▶ EXERCISE DIRECTIONS
Write down exactly what lies from the line containing "WAFCAは外部との繋がりが" to the end of the records, inclusive, and omit the pictures.

Collected data entries:
---*---

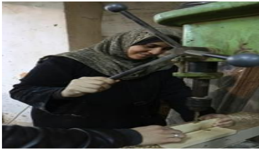
شكل (٦) متدربة مع ماكينة المنقار
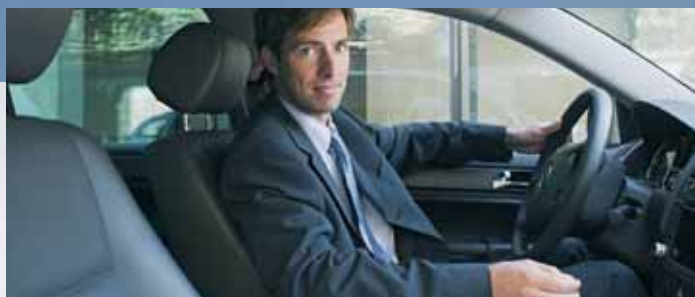
Seguridad máxima para clientes exigentes

Mayor capacidad de arranque en frío, mayor capacidad de reserva y más seguridad. En los automóviles de lujo, contar con un suministro fiable de electricidad para las prestaciones extra, es un factor determinante al elegir una batería. La Batería Bosch S5 , está especialmente indicada para los vehículos nuevos de clase alta, ya que cumple todas las sofisticadas exigencias de los fabricantes de primeros equipos... e incluso las supera. Su Tecnología Silver y su capacidad de reserva, incrementa notablemente la vida útil de las baterías.
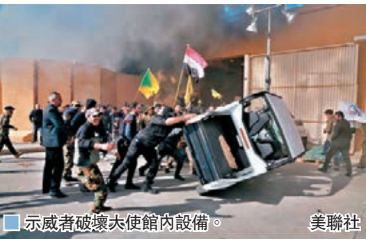
■美聯社/路透社/法新社

美國總統特朗普在twitter發文，指伊朗「策劃」針對美國駐巴格達大使館的襲擊，需負上所有責任，相信伊拉克會派員保護使館。伊拉克看守總理邁赫迪要求示威者立即離開大使館。 伊拉克數十名國會議員已呼籲政府，重新審視讓美軍駐守當地的協定，稱美軍空襲是侵犯主權，已令協定失去效力。親伊朗的伊拉克武裝分子前日表明會報復美軍空襲。華府則指責伊拉克未有保護美方境內利益。
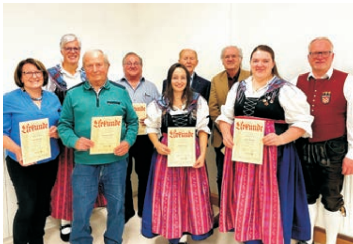
Der Musikverein ehrte langjährige Mitglieder für ihre jahrzehntelange Treue.
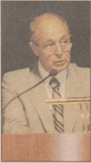
Cumhurbaşkanı Ahmet Necdet Sezer, özgür bir düşünce ortamının merkezi yönetimle sağlanamayacağını vurguladı.

Yeni ders yılı açılış törenine onur konuğu olarak katılan Cumhurbaşkanı Ahmet Necdet Sezer, Anadolu Üniversitesi'nin dünya çapında bir üniversite olduğunu ve Türkiye'nin çağdaşlaşma sürecine büyük katkıları olduğunu söyledi. Sezer, özgür bir düşünce ortamının merkezi yönetimle sağlanamayacağını vurguladı.
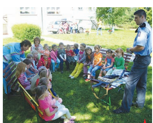
Dětičky z mateřských škol poslouchali policisty velmi pozorně.

V průběhu minulého týdne zamířili policisté z Územního odboru Policie ČR v Prostějově opět za dětmi z mateřských škol na území Prostějovska. Setkání s dětmi se uskutečnilo v Prostějově, Otaslavicích, Pěněčíně a v Brodku u Prostějova. „Děti na závěr školního roku mohly v průběhu dopoledne shlédnout nejen vybavení policejních složek, ale mohly se také dozvědět více informací o náročném práci policistů. Činnost policejních složek byla dětem prezentována jednak teoretickým výkladem služby pořádkové a dopravní policie, ale také formou ukázek, zejména skupiny základních kynologických činností policie,“ uvedl Petr Weisgärber, tiskový mluvčí Policie ČR v Prostějově. Celkově bylo všem uvedeným setkáním přítomno více jak dvě stě dětí. Policisté pro děti rovněž připravili různé kvízy, kdy nejlepší z dětí byly oceněny formou věcných dáreků.
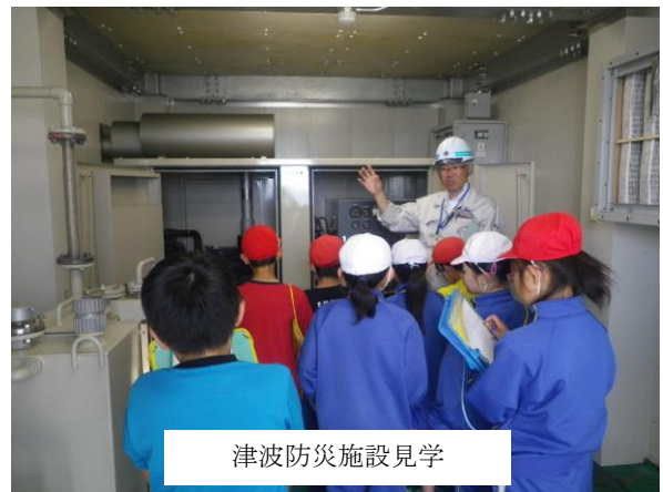
津波防災施設見学
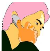
宅配業者を名乗る犯人
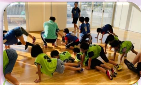
ジグザグトンネルくぐり

状況を瞬時に把握する力、瞬発力、視野の広さ、先を読む力など様々な能力を鍛えられます。普通の鬼ごっこはもちろん、ルールを変えた変化のある鬼ごっこをすることで、つま先から脳まであらゆる部分を使いトレーニングできます。
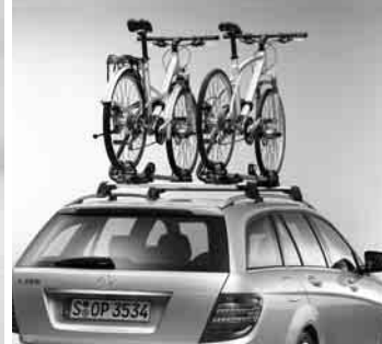
Grundträger New Alustyle, Fahrradhalter New Alustyle ▶
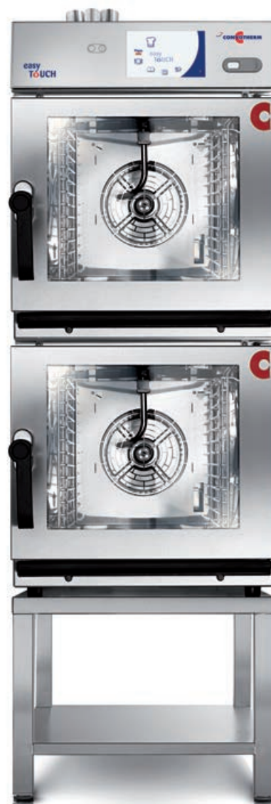
6.10 mini 2en1 (2 x 6 x 1/1 GN)
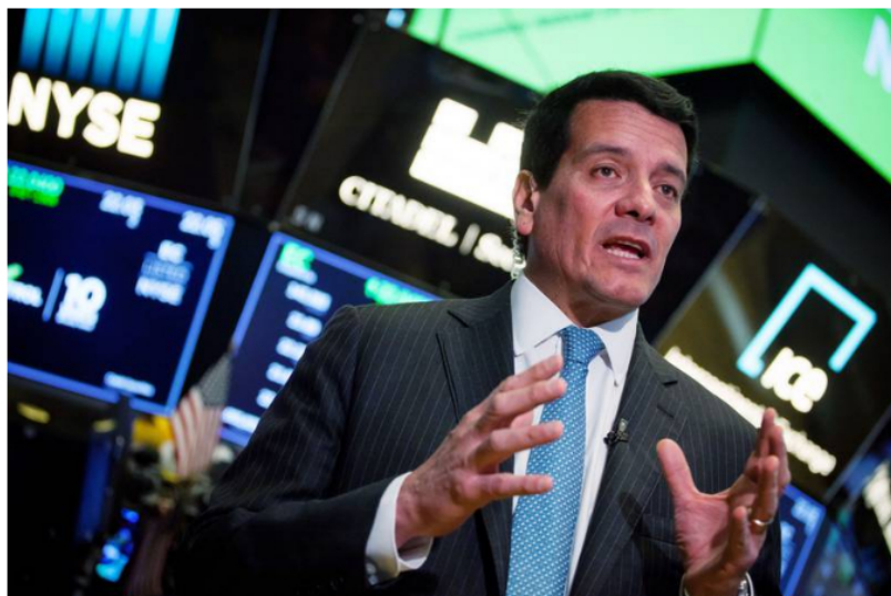
Felipe Bayón, presidente de Ecopetrol .

El plan estima niveles de producción entre 700 mil y 705 mil barriles de petróleo equivalente por día en el 2022, llegando a niveles cercanos a 730 mil en el 2024
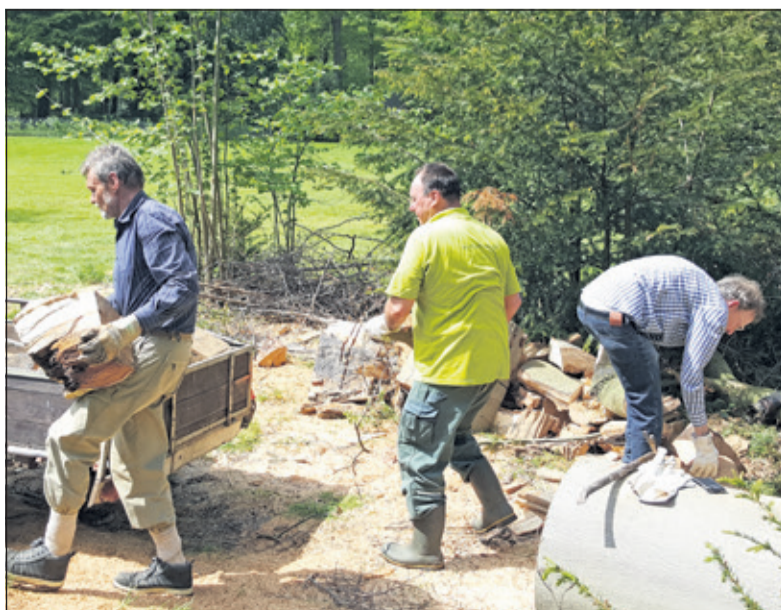
Een gesneuveld zware beuk wordt afgevoerd.
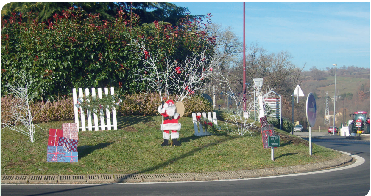
Le Rond-Point de la République décoré par les enfants...

Rendez-vous est pris pour l'année prochaine avec, on l'espère, plus de bénévoles encore, qui pourront nous faire partager leur talent et proposer de nouvelles idées.
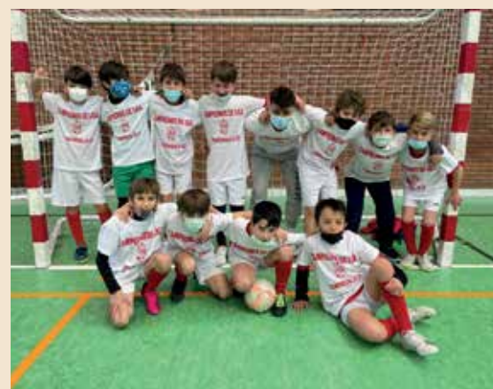
▲ Este arte marcial aún a elegancia y efectividad.

Y es que el éxito de la familia del Club Futsal Sanse radica en esto: competición unido a la educación y formación en los valores del deporte, porque son conocedores de que la competición no está reñida con el compañerismo y el "fair play". ■
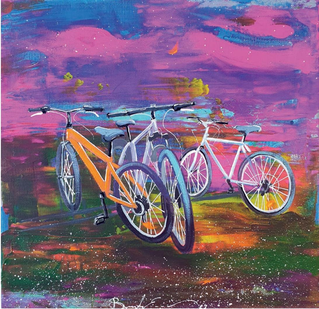
"Bisiklet Günlükleri IV" 30x30cm, Tuval Üzerine Akrilik, 2023
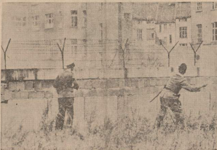
Vakarų Berlyno policininkas meta atgal iš anapus "gėdos sienos" komunistų numestą ašarinę bombą.

NSA (National Security Agency) yra tokia slapta ir nepriklausoma įstaiga, kad kongreso komitetams yra ją sunkiau iširti, negu CIA, centrinių kontršpionažo agentūrą. Bet kai 1960 metais du NSA valdininkai, matematikai, pabėgo į Sovietų Sąjungą, išsinešdami svarbių valstybės paslaptių, gynybos sekretorius McNamara pasidarė su-
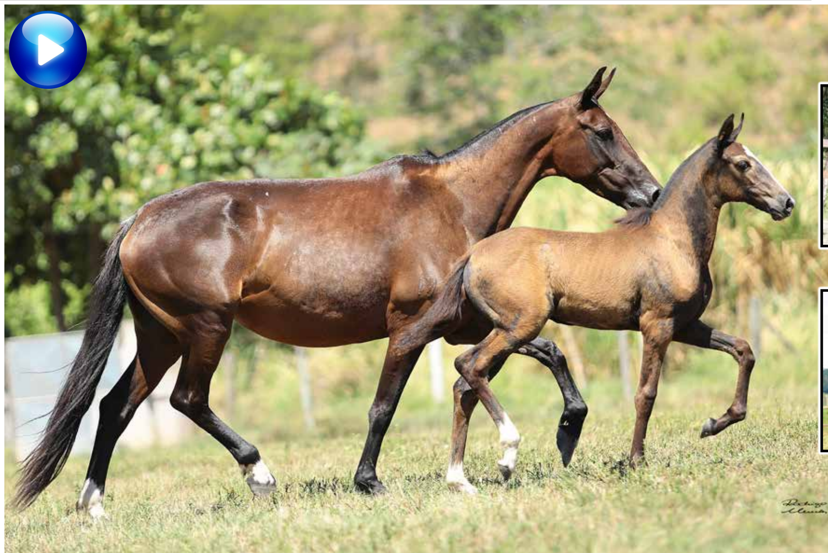
Pai, Jabuti da Mandassaia
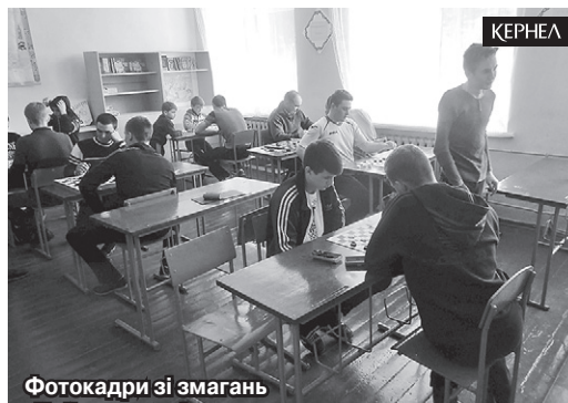
Фотокадри зі змагань «Найспортивніше село», які проходили у Вікторівці (Маньківський р-н, Черкаська обл.)

«Наша команда створена завдяки ініціативності та активності жителів села, зокрема молодого
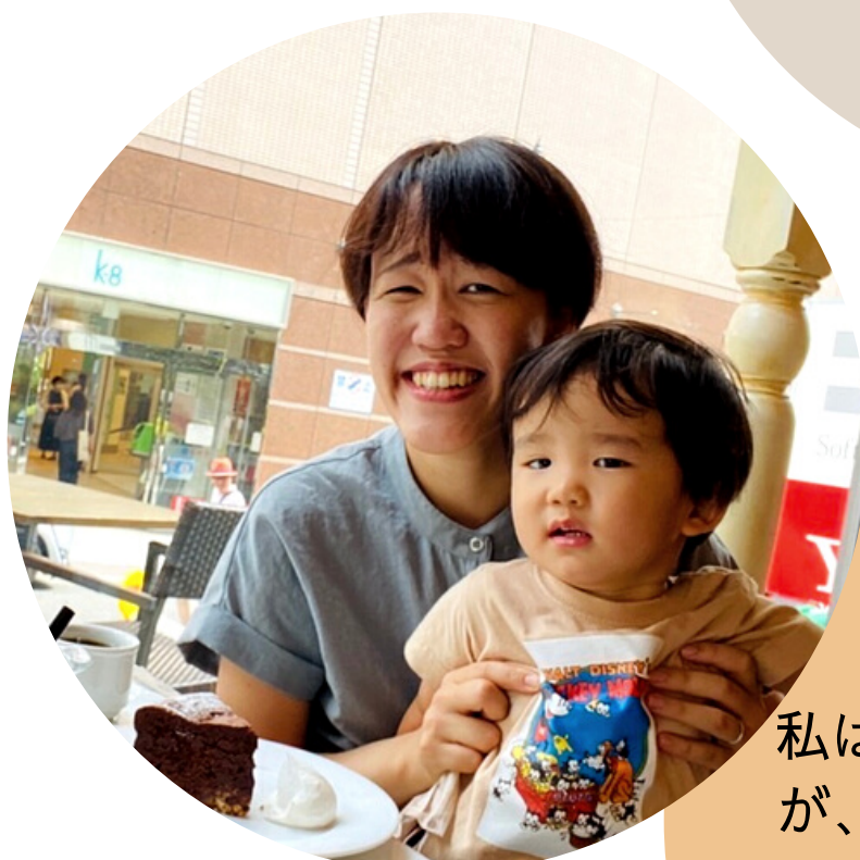
三宅さん 英語翻訳

WAFCAは外部との繋がりがあってこそこの団体。仲間を増やすためのPR活動、とてもやりがいを感じています。
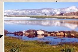
Aguelmim Yiker (Le lac du mouton) à Tibane a été proposé au classement comme site naturel

Partenaires : Direction de la Culture ó Direction du Tourisme ó Comité de Village Izzerouken ó Comité de Village Sidi Hadj Hessaïne - Association Ikhulaf n'Ath Waghlis - Comité de Village Imeghdasen (Akfadou).
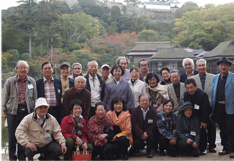
彦根城 玄宮園（大名庭園）での集合写真

彦根城の「玄宮園」に着いた時刻は午後4時前で、晩秋を思わせるような冷たい風が、身を覆いました。ご参加の皆さんは、身を丸めながら、お～寒い！バスの中に居ようかな！ところが、玄宮園に入るや否や、その景観はせつないほど美しく、言い表せないほど素敵な空間でした。
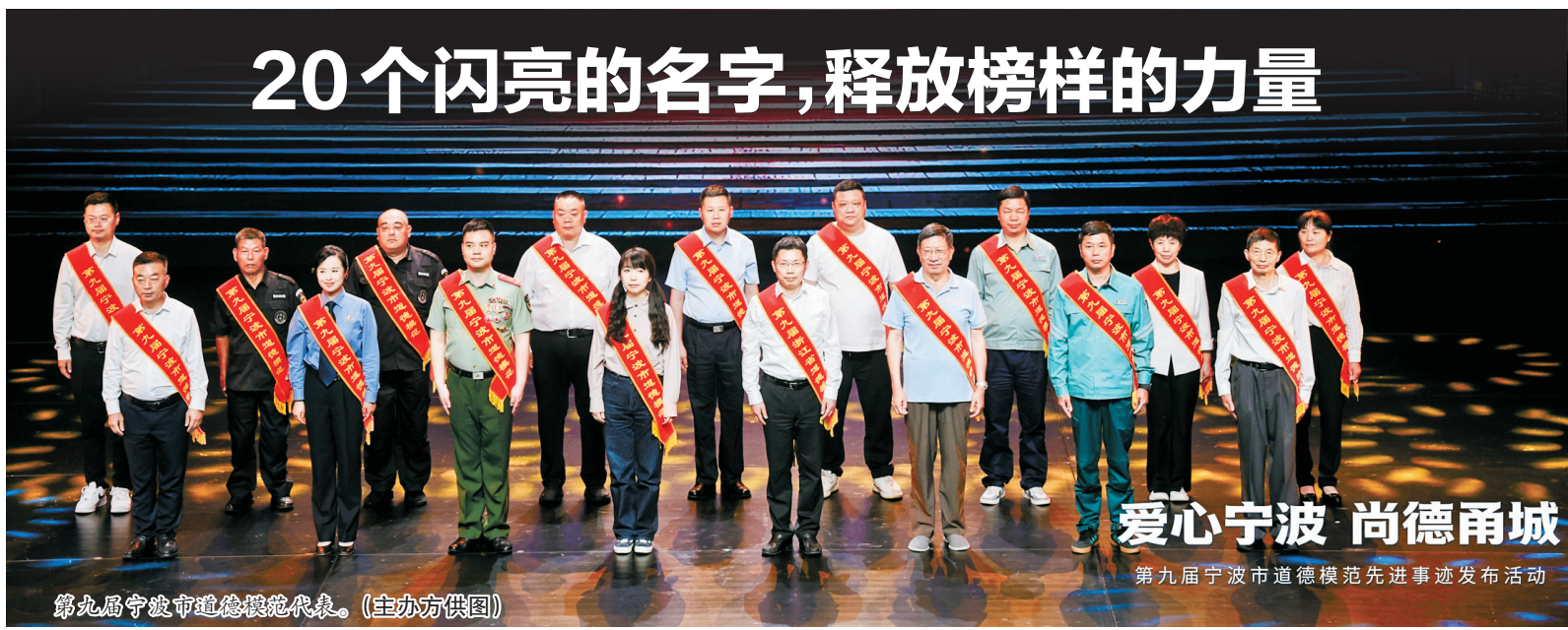
第九屆宁波市道德模范代表。

沈铭权在鄞州开展民生领域信访问题集中治理及重点企业调研。他强调，要深入学习贯彻习近平总书记重要讲话指示精神，按照市委工作要求，牢固树立和践行正确政绩观，统筹好发展与民生，抓实企业创新发展、民生信访治理等重点工作，以产业提质升级激活发展动能，以民生精细服务增进百姓福祉，在率先呈现基本实现社会主义现代化生动图景上示范先行。
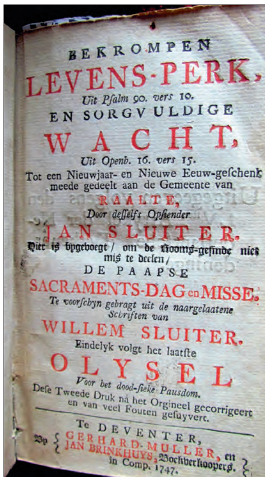
Bekrompen levens-perk, uitgave 1747.
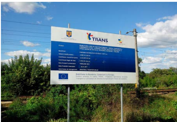
Lot 2, Halta Brateiu Km. 331+830 / Km. 329+258
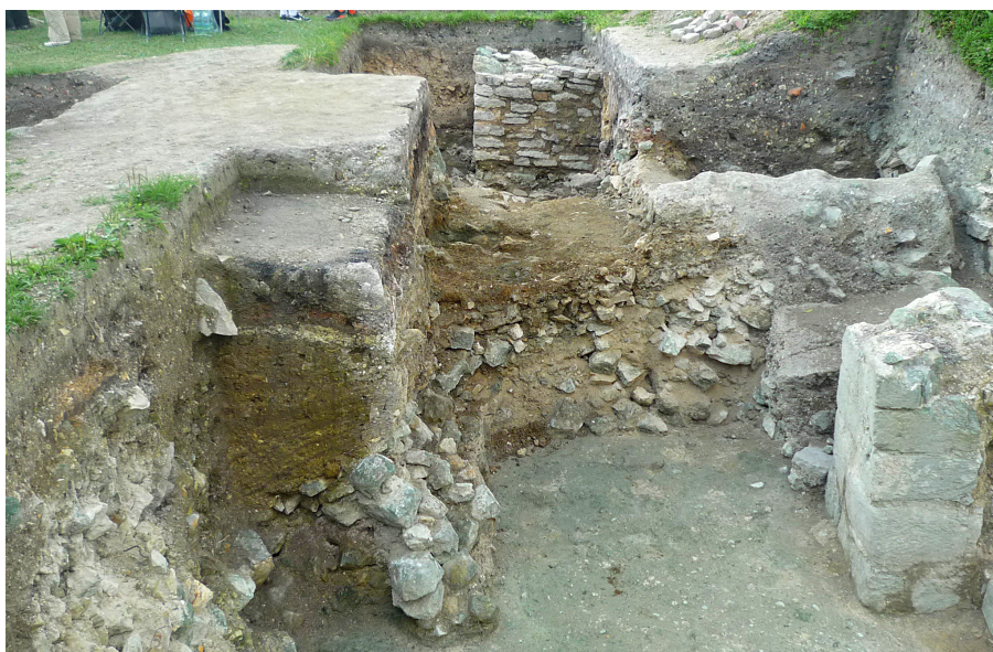
Ryc. 9. Odślonięte elementy rezydencji Danielowskiej fazy I oglądane od części bramnej (po prawej stronie). Powyżej poziomu posadzki (na pierwszym planie) zalega gruba warstwa materiałów budowlanych, na której budowano obiekty kolejnej fazy, w tym kamienną wieżę (budowla B) – widoczna u góry. Widok od wsch.
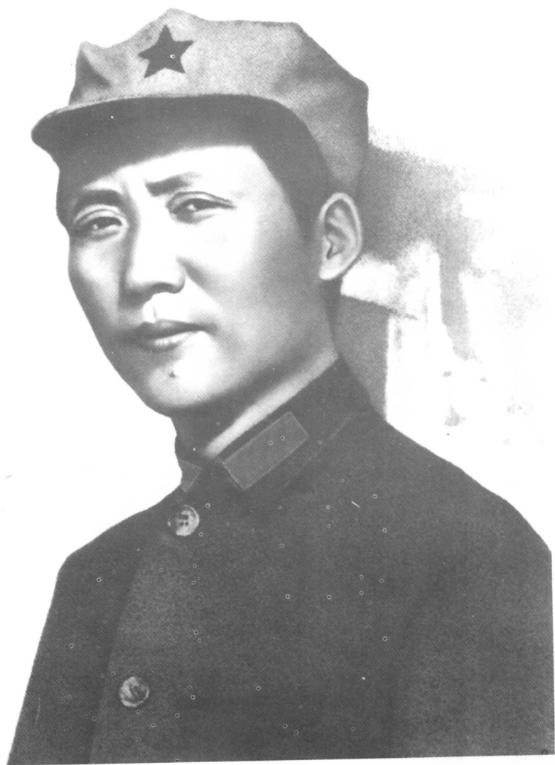
一九三六年的毛泽东
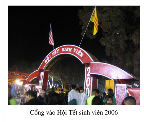
Cổng vào Hội Tết sinh viên 2006
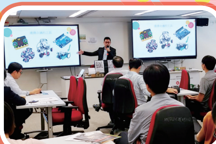
本校鄭老師到教育局分享物聯網研習心得
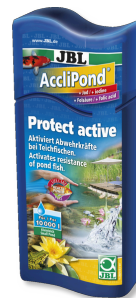
JBL AccliPond Wasseraufbereiter für Teich

---*---

▶ YOUR RESPONSE
WAFCAは外部との繋がりがあってこそこの団体。仲間を増やすためのPR活動、とてもやりがいを感じています。
Aguelmim Yiker (Le lac du mouton) à Tibane a été proposé au classement comme site naturel

Partenaires : Direction de la Culture ó Direction du Tourisme ó Comité de Village Izzerouken ó Comité de Village Sidi Hadj Hessaïne - Association Ikhulaf n'Ath Waghlis - Comité de Village Imeghdasen (Akfadou).
彦根城 玄宮園（大名庭園）での集合写真

彦根城の「玄宮園」に着いた時刻は午後4時前で、晩秋を思わせるような冷たい風が、身を覆いました。ご参加の皆さんは、身を丸めながら、お～寒い！バスの中に居ようかな！ところが、玄宮園に入るや否や、その景観はせつないほど美しく、言い表せないほど素敵な空間でした。
第九屆宁波市道德模范代表。

沈铭权在鄞州开展民生领域信访问题集中治理及重点企业调研。他强调，要深入学习贯彻习近平总书记重要讲话指示精神，按照市委工作要求，牢固树立和践行正确政绩观，统筹好发展与民生，抓实企业创新发展、民生信访治理等重点工作，以产业提质升级激活发展动能，以民生精细服务增进百姓福祉，在率先呈现基本实现社会主义现代化生动图景上示范先行。
Bekrompen levens-perk, uitgave 1747.
Lot 2, Halta Brateiu Km. 331+830 / Km. 329+258
Ryc. 9. Odślonięte elementy rezydencji Danielowskiej fazy I oglądane od części bramnej (po prawej stronie). Powyżej poziomu posadzki (na pierwszym planie) zalega gruba warstwa materiałów budowlanych, na której budowano obiekty kolejnej fazy, w tym kamienną wieżę (budowla B) – widoczna u góry. Widok od wsch.
一九三六年的毛泽东
Cổng vào Hội Tết sinh viên 2006
本校鄭老師到教育局分享物聯網研習心得
JBL AccliPond Wasseraufbereiter für Teich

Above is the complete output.